Suddenly, the line halted and returned in the same direction as to where I had just cast. I had drifted away, and was awakened by the burn of loosely held fly line across my stripping finger. A large sea trout ripped the line through my fingers, out into the backing, then threw herself from the water in attempts to be free from the single talon of the golden fly. I thanked the trout and thanked the river for their understanding my presence. This was repeated five more times that day, as I wandered the flats in search of tailing fish.

Becoming thirsty and tired, I returned to the shore with a feeling of completeness and fulfillment. There waiting and watching me, was a stranger. He talked of fishing, as we both kept a watchful eye over the flats. We spoke as we had known each other for years, as trout and reds broke the surface of the slick water. I felt no desire to leave where I was standing; contentment had surrounded my soul. The meeting was just another facet of the day; something that was supposed to happen. We talked for an hour, or so, about where the stranger had come from. He asked if I had ever visited the Keys. We spoke of fly fishing and life, and then he had to leave.

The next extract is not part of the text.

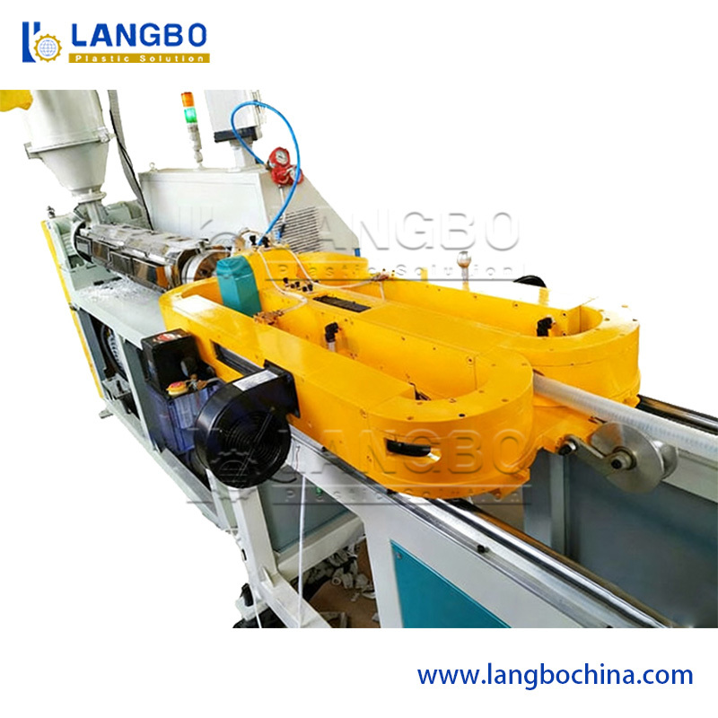 Les granulés de plastique sont introduits dans la trémie et fondus dans l'extrudeuse à température et pression contrôlées.Le matériau fondu est ensuite façonné dans le moule de corrugation par le vide ou la formation sous pressionLes tubes sont ensuite refroidis à l'eau pour stabiliser leur forme. Les tubes refroidis sont automatiquement coupés à la longueur requise et collectés par le bobineur pour inspection et emballage.

I was ready to head towards home with the same anxiousness that I had felt early that morning. I was rejuvenated. I was healed by the salt. Linda met me outside with a glass of iced tea and a smile, as she read my thoughts. She had been there many times and understood the medicine of the river. I had found what I was looking for; the serenity. It was never really lost. Life was good again.

A soft rain began to fall as we sat on the back porch, watching the lake behind the house.

See y'all next week. ~ Capt. Gary

About Gary:

Gary grew up in central Florida and spent much of his youth fishing the lakes that dot the area. After moving a little closer to the coast, his interests changed from fresh to salt. Gary still visits his "roots" in the "lake behind the house."

He obtained his captain's license in the early '90's and fished the blue waters of the Atlantic for a little over twelve years. His interests in the beautiful shallow water flats in and around the famous Mosquito Lagoon came around twenty-five years ago. Even though Captain Gary doesn't professionally guide anymore, his respect of the waters will ever be present.

Gary began fly fishing and tying mostly saltwater patterns in the early '90's and has participated as a demo fly tier for the Federation of Fly Fishers on numerous occasions. He is a private fly casting and tying instructor and stained glass artist, creating mostly saltwater game fish in glass.